If you look at how these get used, there’s a lot of cases where you either never ask for the full byte representation or only ask for the fully byte representation, so we could avoid a lot of extra work by just deferring that processing until it is requested.

Gozala commented 4 years ago

Basically, you want the constructor to just take whatever the from and create methods can parse out of the input so that you can avoid unnecessary work for certain properties until they are accessed, especially when those involve memcopies. There’s some work to do in the constructor to make sure you have enough information and present an error early if you don’t, but there’s no reason to create the entire byte representation until it’s asked for, and we could facilitate that with a slightly different design. There’s also no reason to parse out the code or the version until they are asked for, so you should be able to instantiate with just a buffer and defer any parsing until the properties are needed.
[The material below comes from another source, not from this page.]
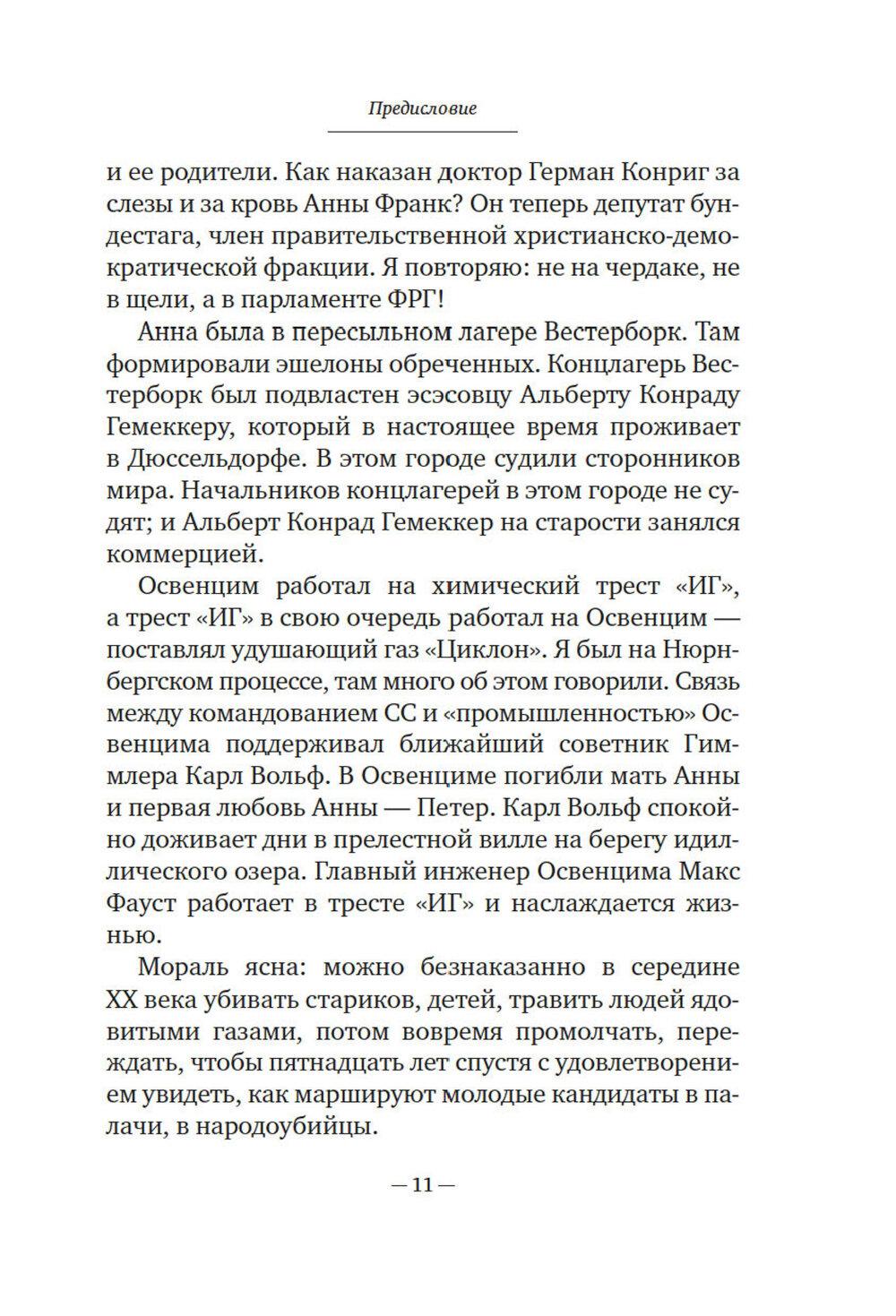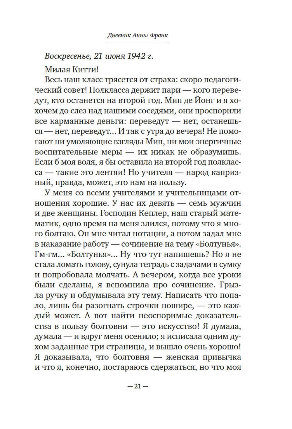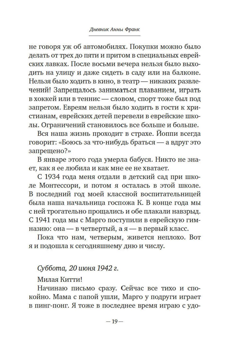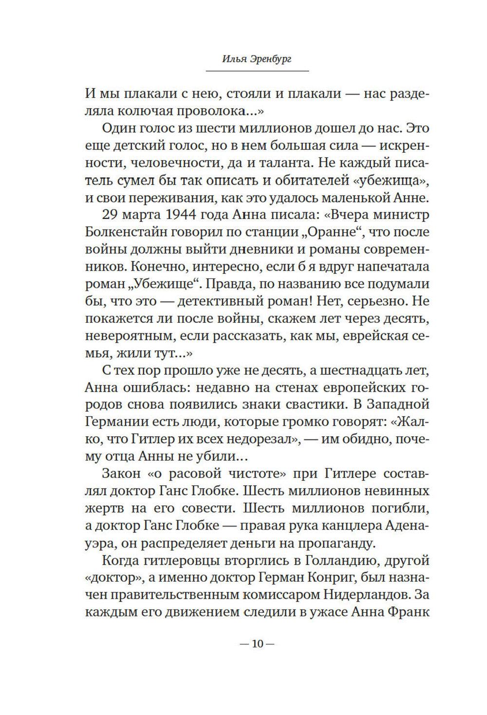 «Дневник Анны Франк» увидел свет в 1947 году в Нидерландах и разошелся по всему миру миллионными тиражами, книга была переведена на десятки языков. На русском языке «Дневник Анны Франк» впервые вышел в 1960 году, во времена «оттепели», и долгое время оставался для советских читателей одним из немногих доступных свидетельств холокоста. В течение двух лет (с июня 1942-го до августа 1944 года) несколько смелых голландцев прятали от нацистов восемь обреченных, среди которых была Анна Франк, а также ее старшая сестра и родители, - и еврейская девочка записывала в дневник события их жизни в «убежище». В предисловии к русскому изданию Илья Эренбург писал: «Это не роман прославленного писателя, это дневник тринадцатилетней девочки; но он потрясает читателя больше, чем мастерски написанные книги... Всем известно, что гитлеровцы убили шесть миллионов евреев, граждан двадцати государств, богатых и нищих, знаменитых и неизвестных... Они были отделены от мира стенами гетто, колючей проволокой концлагерей. Никто не знает, что они думали и чувствовали. За шесть миллионов говорит один голос - не мудреца, не поэта - обыкновенной девочки». В книге представлен «Дневник Анны Франк» в переводе Риты Райт-Ковалевой с предисловием Ильи Эренбурга.| Издательство | Азбука |

That is exactly how I think about constructors so 👍 That being said, there is a caveat.

  1. It conflicts with the notion of "CID as ArrayBufferView" specifically because that implies that CID is bytes with just a different prototype chain. Therefor it has to have pointer to ArrayBuffer and byteOffset, byteLength.

    • Argument could be made to compute those lazily, but that has it's own problems see no 2.
    • It also makes some combination of the constructor properties problematic e.g. { bytes, multihash } can point to different ArrayBuffers rather than different offsets in the same buffer. If you pass just multihash that can't possibly point to the same ArrayBuffer as bytes or CID because it has not been created yet.
  2. Lazy computation of some fields would break the nice property we gained through CID.asCID, that is you can send, transfer & receive CIDs over the message channel without serialization.

  3. Some validation is required, because it appears that there are combinations of the properties that are invalid.

I think above trade-offs aren't worth the benefit you'll get from some lazy computation.

Not to mention that lazy computation has it's own drawbacks (as many haskellers would testify) by making performance characteristics less deterministic.

For all the above reasons I settled on something that I think is in the same spirit as you've described in https://github.com/multiformats/js-multiformats/pull/29 where factory methods pass (ArrayBuffer, byteOffset, byteLength) to constructor that it just assigns to fields

Both factories are a also smart in that they will cache thing, version, code, to avoid recomputing those later.

And if you do have CID byte range already you don't need to decode or encode, you can create a view via constructor.

I think this is a reasonable compromise that provides deterministic performance profile for each construction operation.

If my assumption is incorrect and lazy encode / decode (from / create) does provide significant value that outweighs tradeoffs, I would argue that they should not be represented via the same CID class, but via different class that CID.asCID and CID.from can recognize. That again would make them more deterministic.

Gozala commented 4 years ago

We have discussed this on the call today and tentatively reached an agreement on the following plan: @achingbrain you were not present at that part of the call, so please make sure to take moment to review this

  1. Implement from factory function.
  2. Implement create factory function.
  3. Retain constructor as is, but update all the documentation everywhere to use one of the above methods instead.